The GST council also brought about changes in the law and rates to rectify unintended levies and demands starting with exempting import of services by an establishment of a foreign airlines company from a related person outside India, when made without consideration and regularizing past cases on an ‘as is where is’ basis thereby putting to rest the huge demands that were raised on foreign airlines in the recent past. Further, clarifying the place of supply in case of advertising services and data-hosting services when provided to foreign entity to be the location of recipient thereby to be treated as export of services, are all decisions that will help resolve multiple ongoing litigations and provide the much-needed relief to the respective industries.

Want to know what GST Council decided in 54th meeting? Click Here

Another key outcome of the council meeting was the formulation of two new GoMs which have been created to find possible solutions to some critical issues, namely – GoM on life and health insurance and GoM to study the future of compensation cess with the mandate to present their findings by Oct 24 end to enable the council to deliberate on the same and achieve consensus.

GoM has further made an effort to streamline the metal industry by accepting their long standing demand of making the payment on reverse charge for supply of metal screap from unregistered dealers. However, given that intermediate dealers may be unregistered there is a possibility of substantial cascading in certain situations.

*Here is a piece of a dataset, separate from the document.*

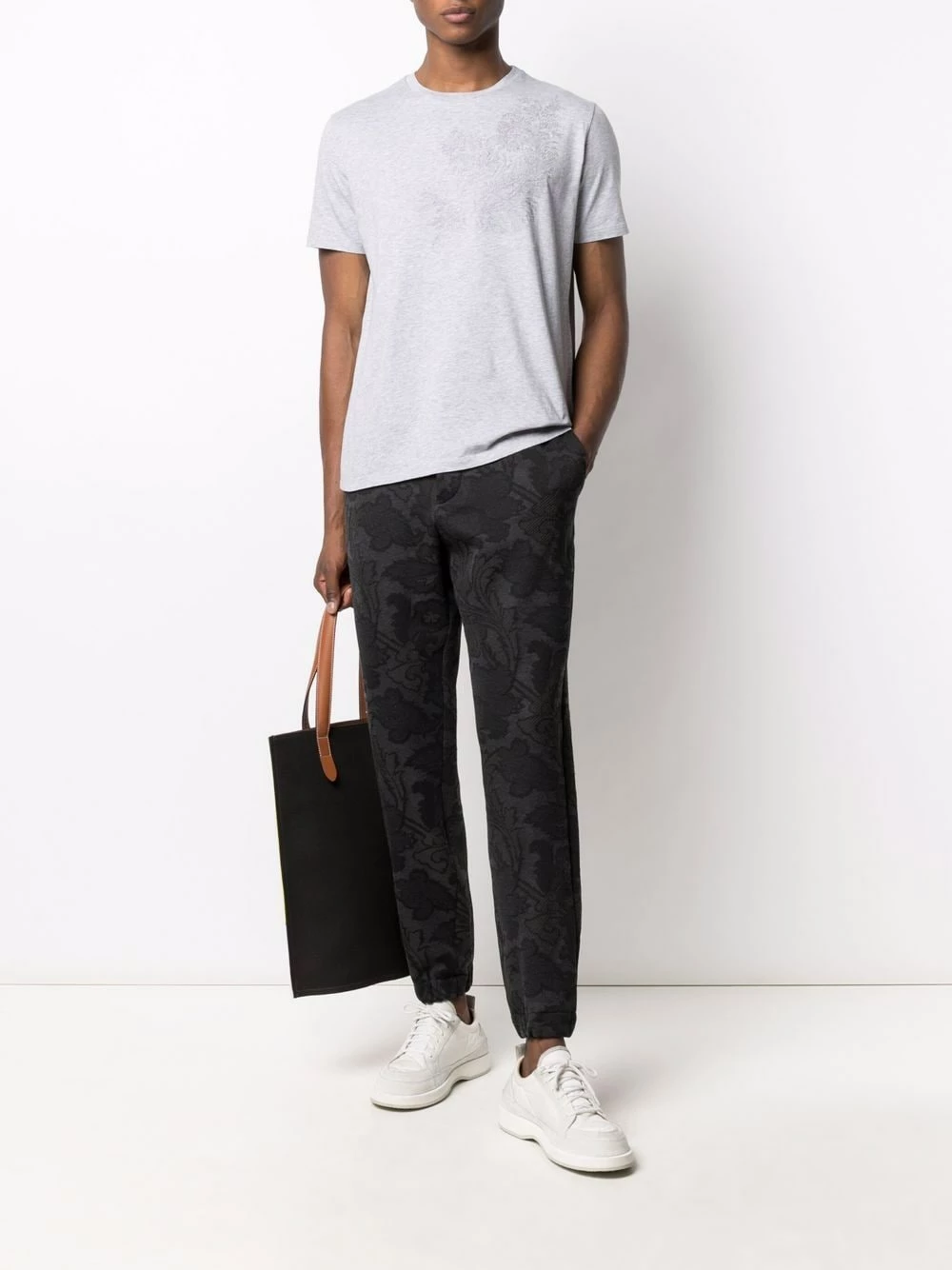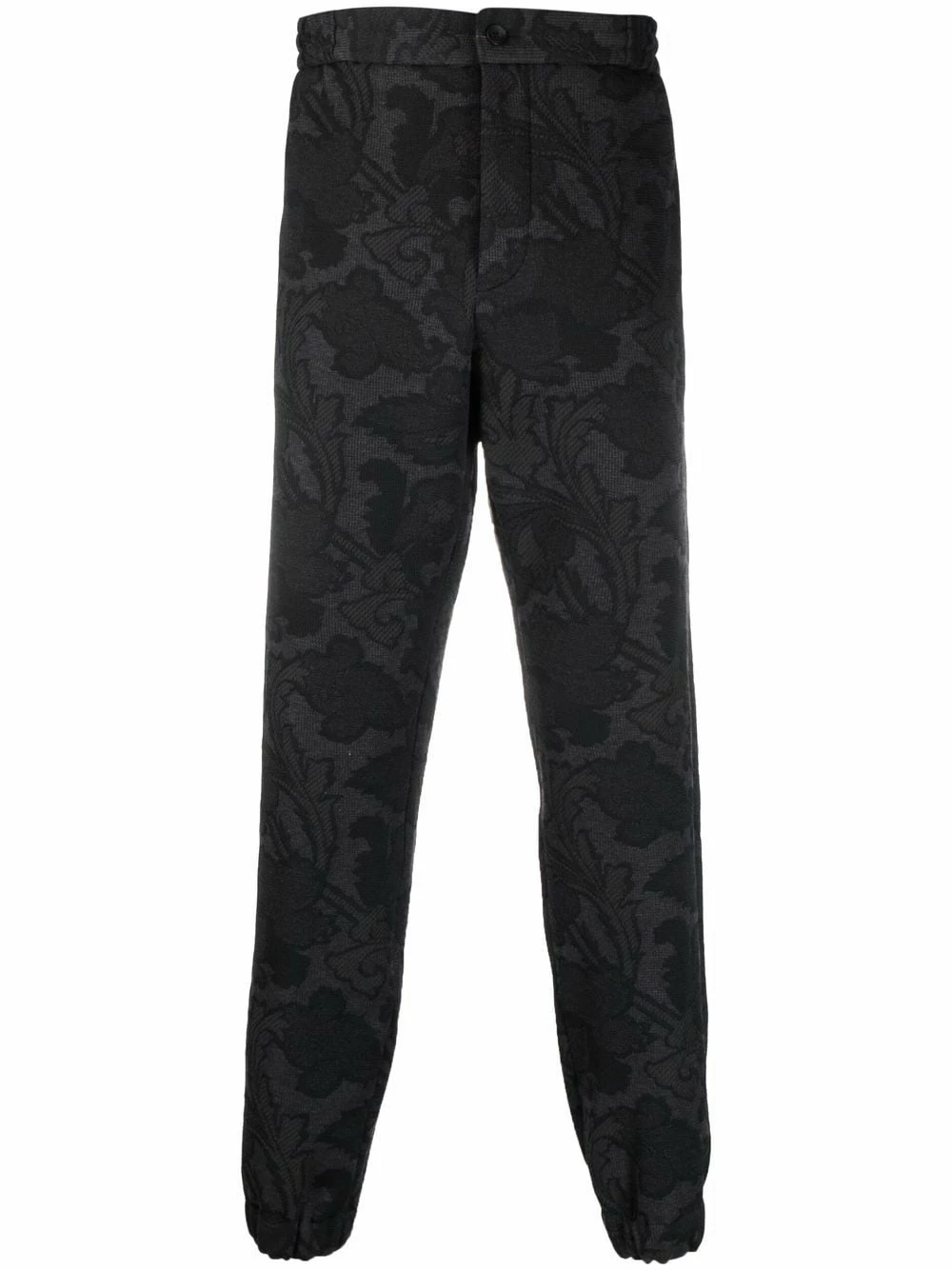 Motif cachemire, fermeture à zip et boutons sur le devant, ceinture élastique, poches latérales fendues, deux poches arrières boutonnées, poignets élastiqués. Couleur : gris.

Accordingly, the fine print is awaited to understand the complete implications.


The introduction of e-invoicing for B2C transactions is a major step towards streamlining compliances and moving towards refunds for goods purchased and exported by foreign tourists. Also, the IMS system is a major step to bring efficiency in credit availment and was proposed in the initial implementation of the GSTN portal, but deferred due to technical issues. However, there is a need to make explicit provisions under law to give it a legal backing. Both these changes will take compliances to a new level and would bring maturity to the current GST processes.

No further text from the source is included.